Friday, May 3, 2013
Delaware's duty of disclosure
Vice Chancellor Laster issued an opinion for In re Wayport Shareholder Litig on Wednesday. This post-trial opinion deals with a number of interesting issues, but it does one thing that is really helpful for people like me who are always looking for cases that students can look at that distill the differences in doctrine and approach. In this case, the Vice Chancellor does a nice summary of the four strains of doctrinal thought that define the Delaware duty of disclosure. I'm reproducing a heavily edited version of that section below (read the opinion for all the internal cites):
The “duty of disclosure is not an independent duty, but derives from the duties of care and loyalty.” The duty of disclosure arises because of “the application in a specific context of the board’s fiduciary duties . . . .” Its scope and requirements depend on context; the duty “does not exist in a vacuum.” When confronting a disclosure claim, a court therefore must engage in a contextual specific analysis to determine the source of the duty, its requirements, and any remedies for breach. Governing principles have been developed for recurring scenarios, four of which are prominent.

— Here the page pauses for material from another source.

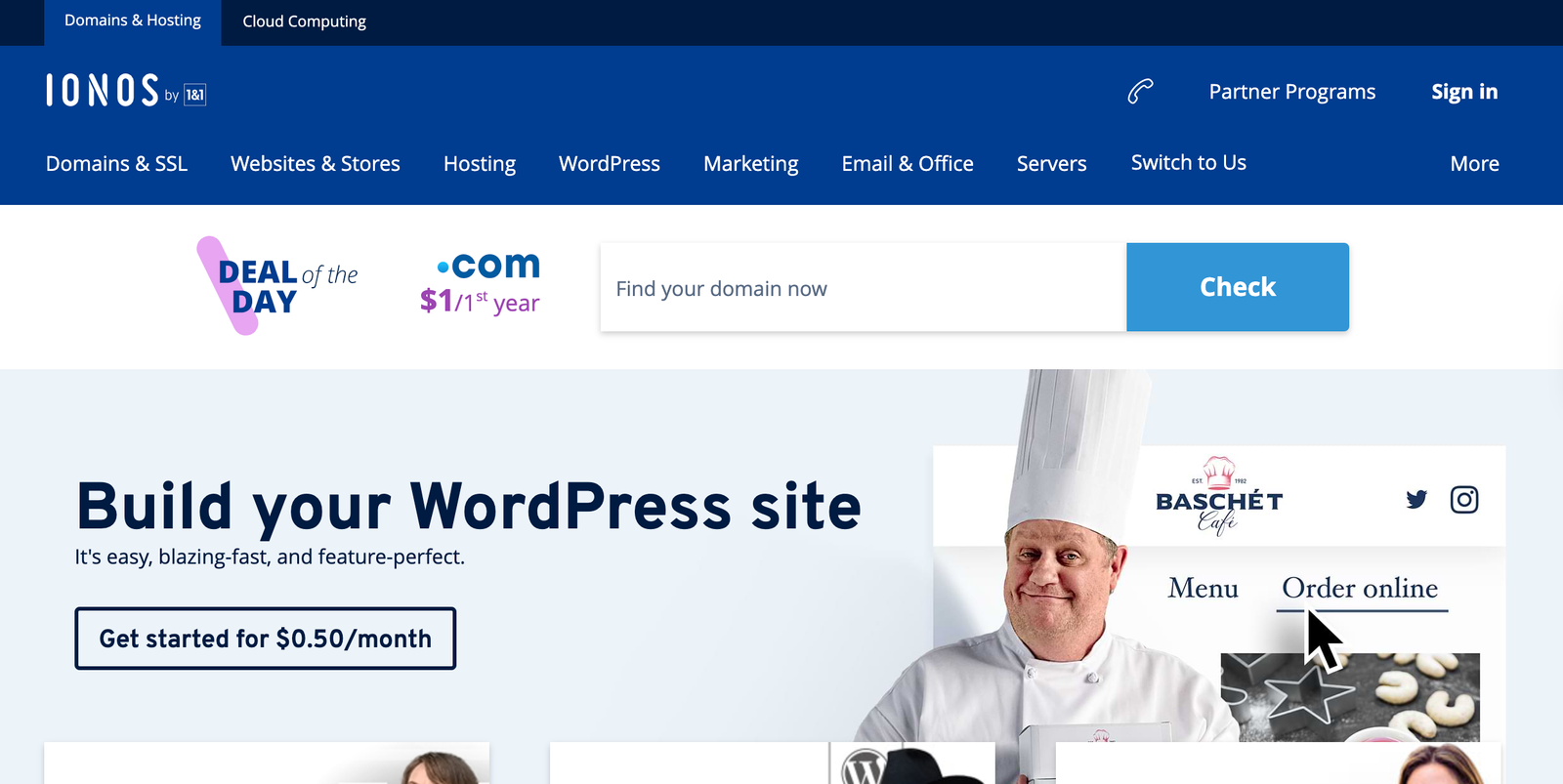 IONOS is another best domain registrar for individuals and businesses (free if you sign up for two years).

The first recurring scenario is classic common law ratification, in which directors seek approval for a transaction that does not otherwise require a stockholder vote under the DGCL. If a director or officer has a personal interest in a transaction that conflicts with the interests of the corporation or its stockholders generally, and if the board of directors asks stockholders to ratify the transaction, then the directors have a duty “to disclose all facts that are material to the stockholders’ consideration of the transaction and that are or can reasonably be obtained through their position as directors.” The failure to disclose material information in this context will eliminate any effect that a favorable stockholder vote otherwise might have for the validity of the transaction or for the applicable standard of review. (“With one exception, the ‘cleansing’ effect of such a ratifying shareholder vote is to subject the challenged director action to business judgment review, as opposed to ‘extinguishing’ the claim altogether (i.e., obviating all judicial review of the challenged action).
A second and quite different scenario involves a request for stockholder action. When directors submit to the stockholders a transaction that requires stockholder approval (such as a merger, sale of assets, or charter amendment) or which requires a stockholder investment decision (such as tendering shares or making an appraisal election), but which is not otherwise an interested transaction, the directors have a duty to “exercise reasonable care to disclose all facts that are material to the stockholders’ consideration of the transaction or matter and that are or can reasonably be obtained through their position as directors.” A failure to disclose material information in this context may warrant an injunction against, or rescission of, the transaction, but will not provide a basis for damages from defendant directors absent proof of (i) a culpable state of mind or nonexculpated gross negligence, (ii) reliance by the stockholders on the information that was not disclosed, and (iii) damages proximately caused by that failure.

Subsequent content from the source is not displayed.